Pike Reproduction


   As a rule of thumb, pike heavier than ten pounds tend to be exclusively female, male pike larger than twelve pounds are uncommon, but pike under eight pounds could be of either sex.

   Female pike are capable of producing a large number of eggs. For example a twenty pounder could lay some 200,000 eggs. Females contain eggs at some stage of development for most of the year. Egg development begins during the summer months following the springtime spawn. During the following winter and spring the eggs mature and swell by absorbing water.

   The spawning trigger depends on various factors including water temperature which is usually between 8 and 12 degrees celsius when spawning takes place. Male pike tend to arrive at the spawning ground before the females, selecting shallow areas of water where there ample submerged water plants or emergent vegetation - reed, rushes or even flooded areas of grass can be used.

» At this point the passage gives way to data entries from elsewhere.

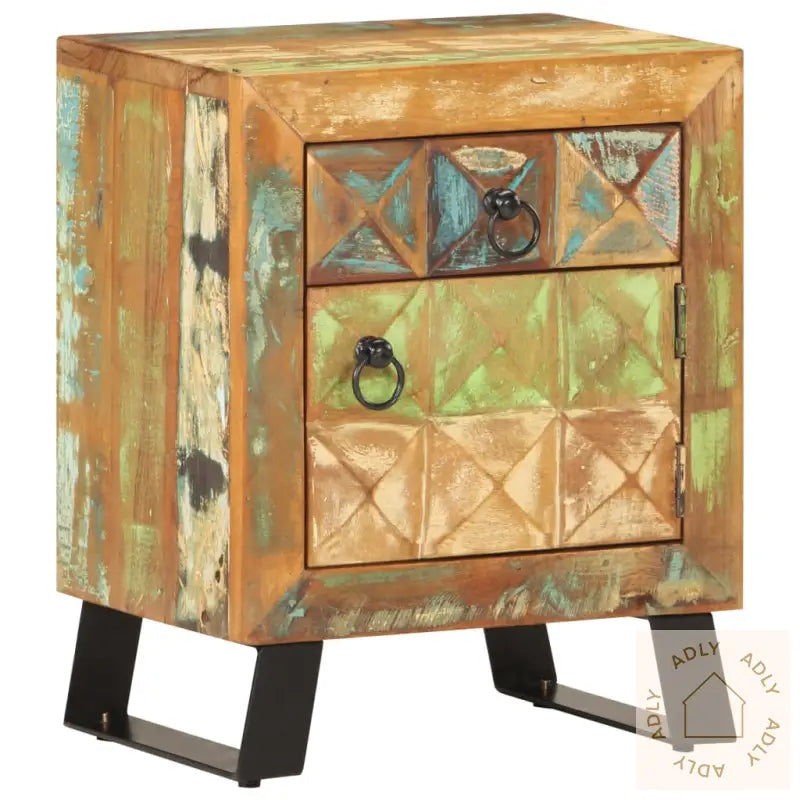 Nattbord i gjenvunnet heltre med gammeldags stil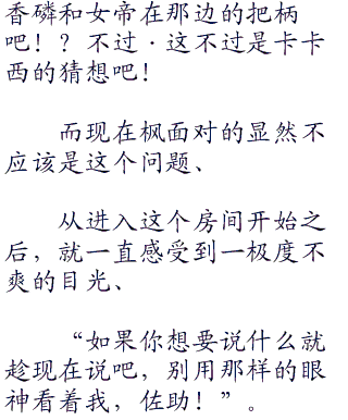 眼神忽然变得凌厉起来,卡卡西皱了皱眉头,盯着枫,半晌之后,忽然才摊了摊手、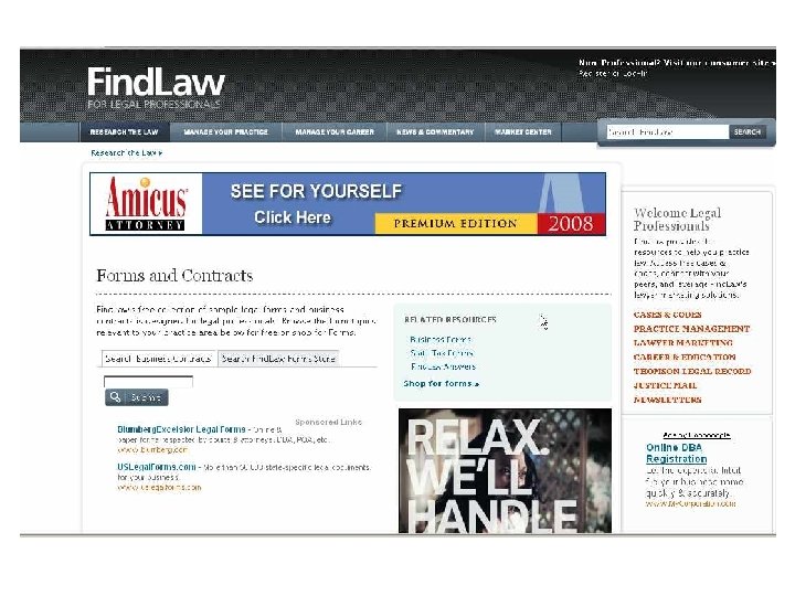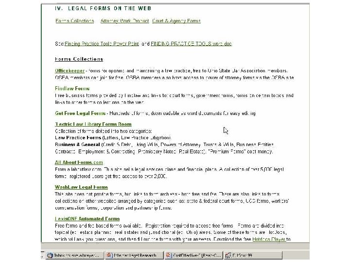 Outline l Internet v. Lexis, Westlaw l Forms l Evaluating Web Sites l Legal Portals and Search Engines l Free Case Law/Primary Sources l Current Awareness l Internet Documents in Court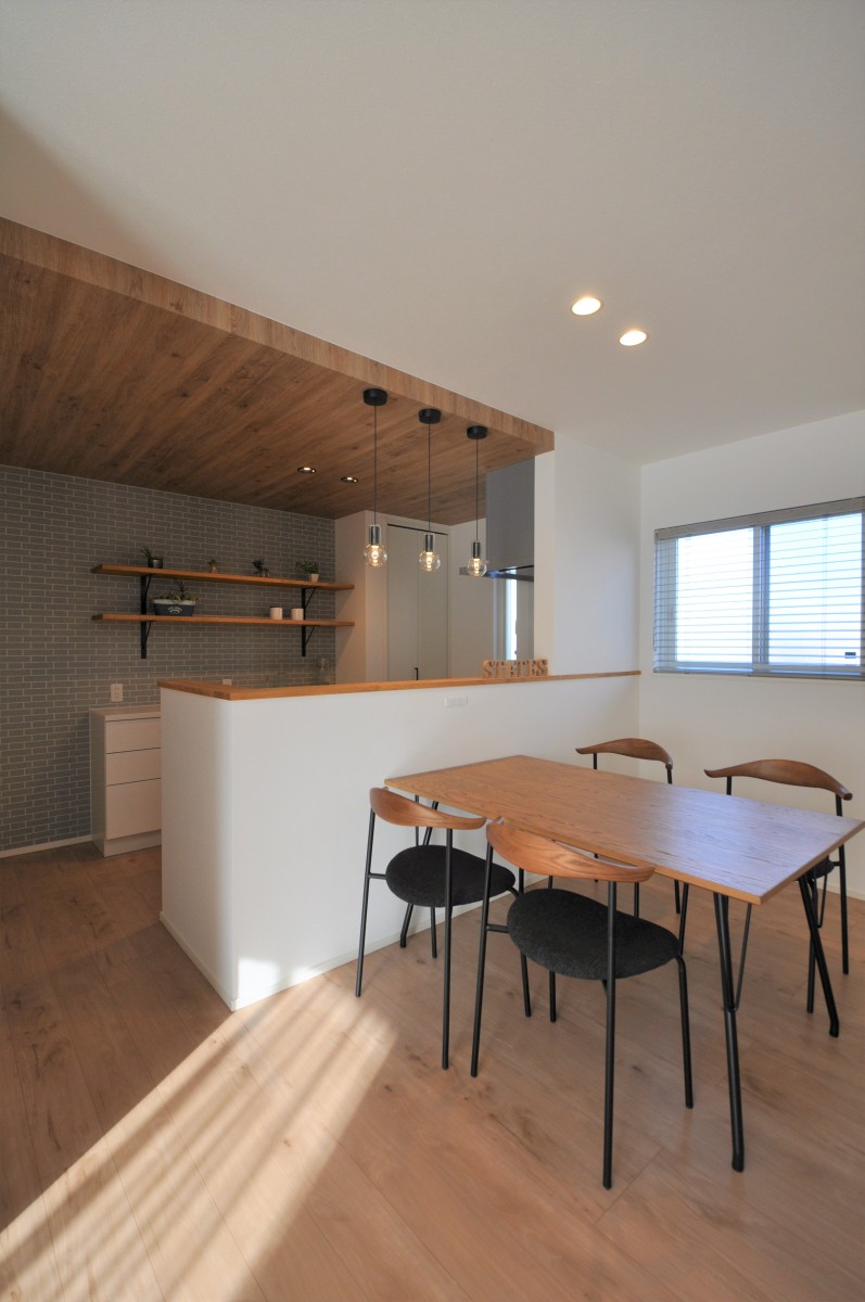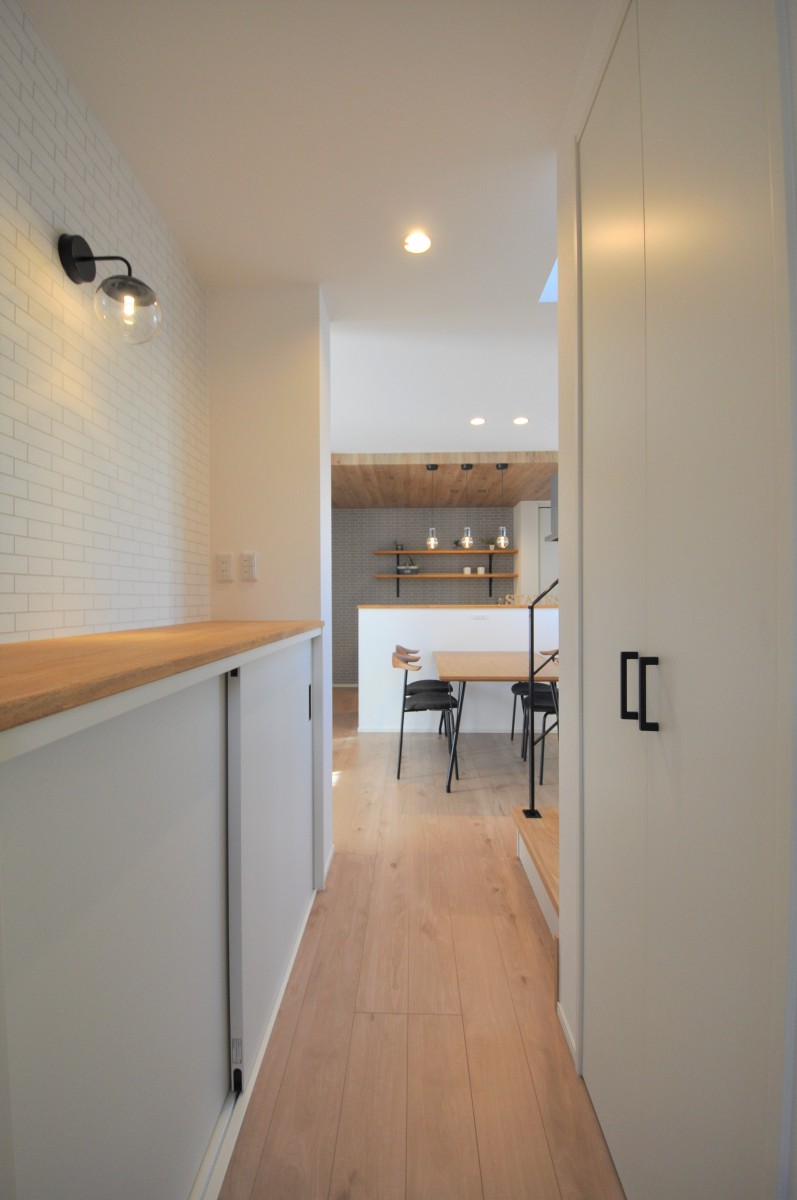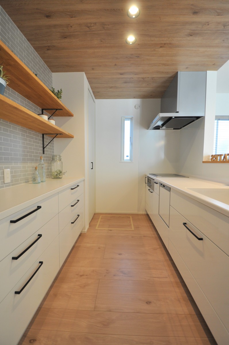 ホワイトを基調とし、ブラウンの木目がアクセントのナチュラルテイストな外観。陽当たりがよく南側に十分な庭スペースを確保しました。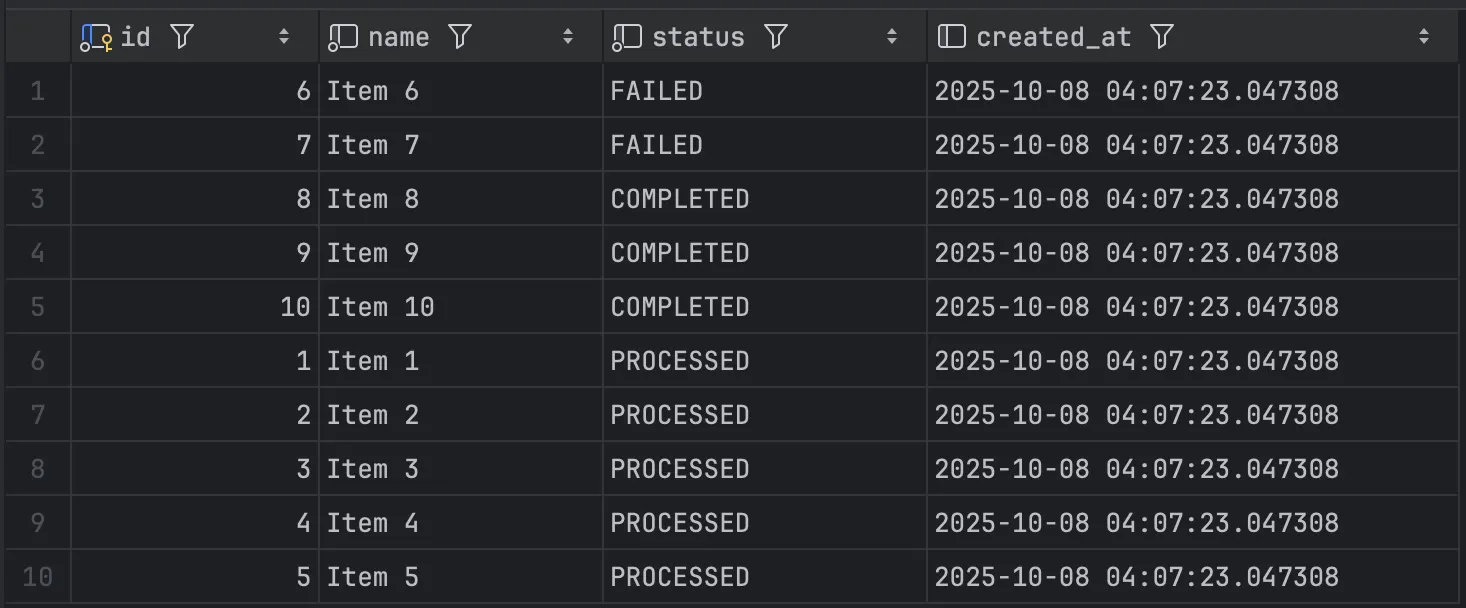 실제로 실행을 시켜보면, 데이터가 5개가 있지만 페이지 0에서 3개를 처리하고 그대로 배치가 종료된다. 뒤의 2개 데이터는 상태가 변경되어 누락돼 처리가 되지 않는 것이다.

   There is some evidence of loyalty to particular spawning sites, mainly in rivers; pike use the same feeder ditches year after year. It may even be that small pike return in later life to the places where they were hatched.

   Female pike may fail to shed their eggs when there are large temperature fluctuations during the spring. Unlike some other coarse fish they appear to be incapable or re-absorbing these eggs - which can constitute 20% of their body weight - and by early summer these fish often die.

   Fertilised pike eggs hatch after 20-24 days but fry survival may be very low. For example, in one study of 1.25 million eggs produced 180 pike lived to one year of age, fifty lived to two years, 39 to 3 years, 20 to 4 years and only nine survived to five years of age.

   Recruitment to the pike population is largely determined by survival of the younger stages in the life cycle, rather than the number of parents or the quantity of spawn which is shed. Predation and starvation are the prime causes of larval mortality.

   The extent of pike on pike predation has particularly important consequences for the survival of pike during their juvenile stages. Figures of 79% of losses of young pike through cannibalism have been reported.